WEIRDSUBARR - Editorial

PROBLEM LINK:

Practice
Contest: Division 1
Contest: Division 2
Contest: Division 3
Contest: Division 4

Author: Jeevan Jyot Singh
Testers: Tejas Pandey, Hriday
Editorialist: Nishank Suresh

DIFFICULTY:

TBD

PREREQUISITES:

(Optional) Dynamic programming

PROBLEM:

You have a permutation P of \{1, 2, \ldots, N\}. In one move, you can negate any of its elements.
A subarray is called weird if it can be sorted in ascending order by applying this move several times. Count the number of weird subarrays in P.

EXPLANATION:

In tasks like this which require you to count objects satisfying a certain property, it’s useful to get a simpler criterion of that property.
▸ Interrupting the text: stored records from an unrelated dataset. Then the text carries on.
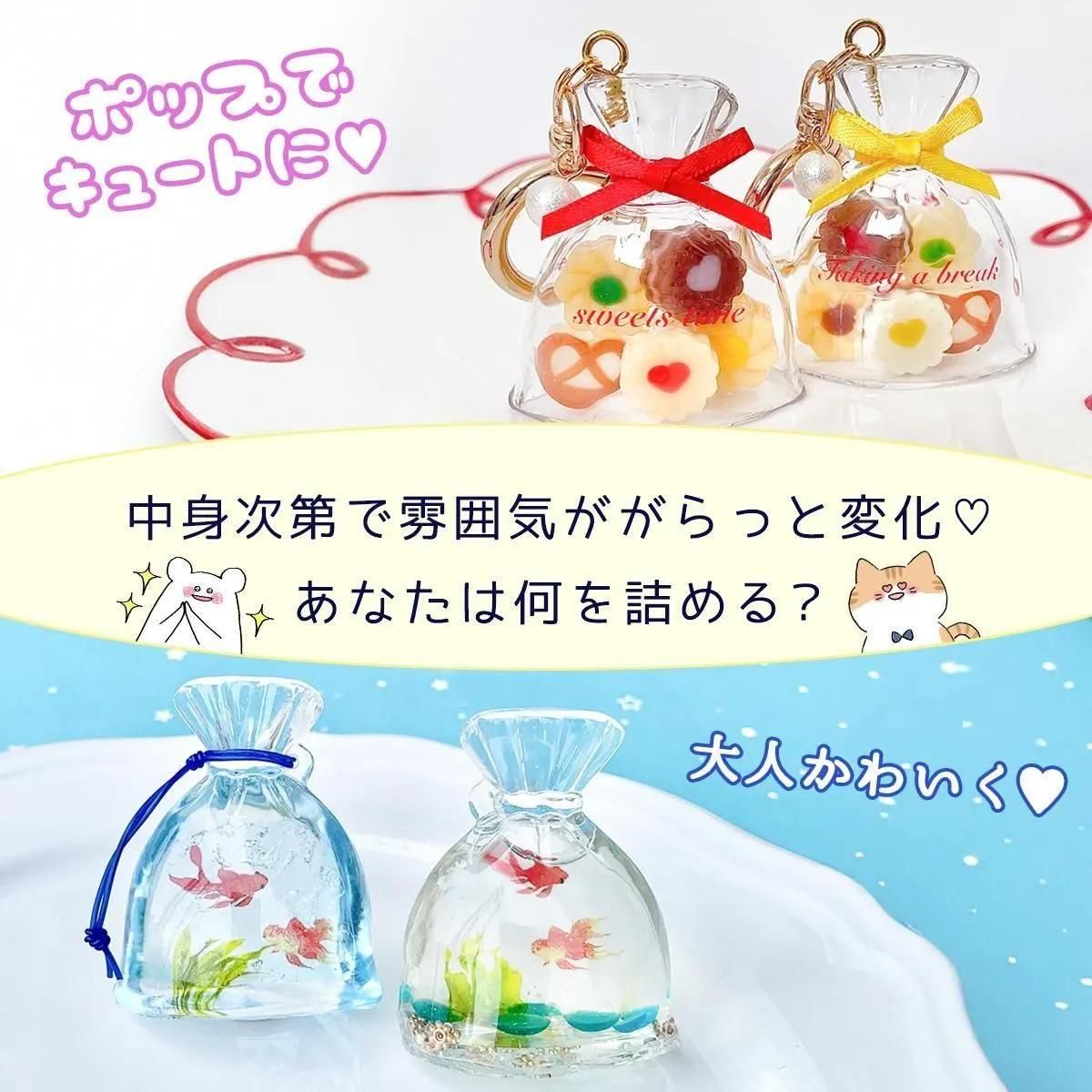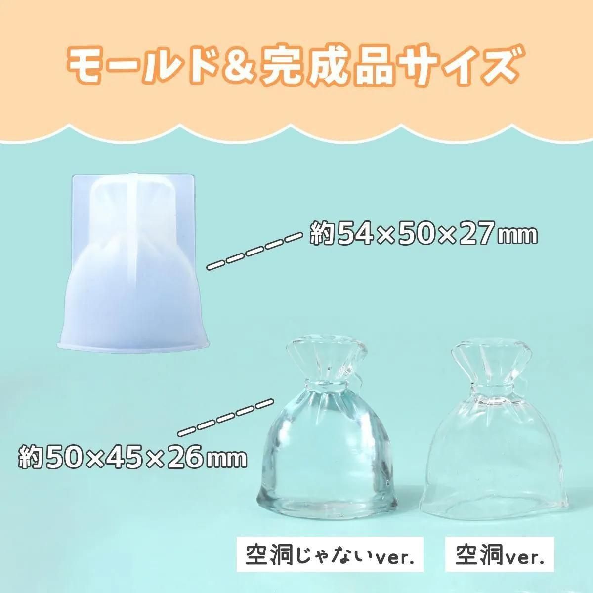 ぷっくり立体的な巾着袋が作れるモールド♪中に入れるモチーフで雰囲気ががらっと変わるよ。ドライフラワーや金魚モチーフなど、世界観を表す封入を閉じ込めてオブジェにしたり、中を空洞にしてスイーツパーツや液体を入れたり。あなたのアイデアを光らせて、かわいい作品を作ってね^^
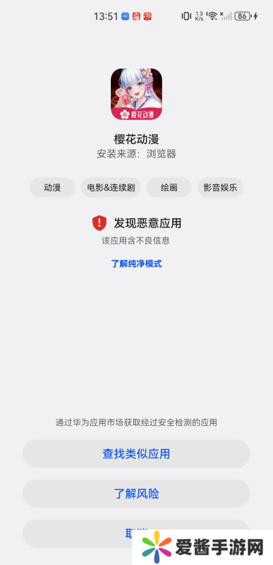 2、系统发现恶意应用,可能是误判,需要点击“了解风险”。
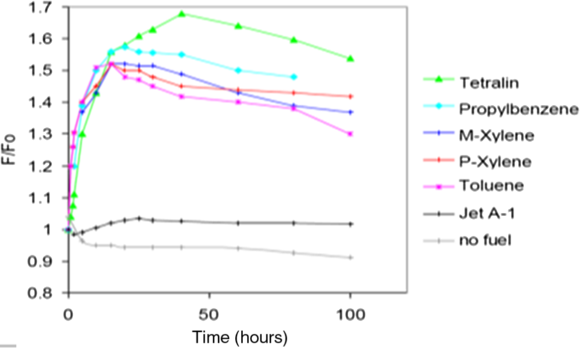 Three types of aromatics and three different fuels were used together. The conventional jet fuel, Jet-A1, was used as a reference for this study. The other two fuels used were SPK and Severely Hydro-processed Jet Fuel from Conventional Source (SHJFCS). The SPK made of animal fats was obtained from Shell while the Jet-A1 was from British Petroleum (BP) plc. The aromatics involved were tetralin, propyl benzene and p-xylene (Table 2). Tetralin is basically a naphthalene hydrogenated at high pressure with the presence of a catalyst. These aromatics were chosen based on a study done by Anderson(Reference Anderson13). As seen in Fig. 2, tetralin and propyl benzene gave the highest F/Fo among the five aromatics tested. The F/Fo can be identified as swelling rate. Meanwhile, p-xylene showed average swelling rate, but it attained a stable swelling rate after a few hours.

Let’s look at a weird array A = [A_1, A_2, \ldots, A_k]. What does this tell us about the elements of A?
One obvious fact is that in the final array, all the negative elements must come before all the positive elements — otherwise, there’s no way for the final array to be sorted.
So, there is some index p such that A_1, A_2, \ldots, A_p are negated, and A_{p+1}, \ldots, A_k are not. Looking at each of those parts individually,

  • We want -A_1 \lt -A_2 \lt \ldots \lt -A_p, i.e, A_1 \gt A_2 \gt \ldots \gt A_p
  • We also want A_{p+1} \lt A_{p+2} \lt \ldots \lt A_k

In other words, A must look like a ‘valley’: first decreasing, then increasing (purely increasing/decreasing is also ok). It’s also obvious that any such array is weird, since it can be sorted by negating the first part.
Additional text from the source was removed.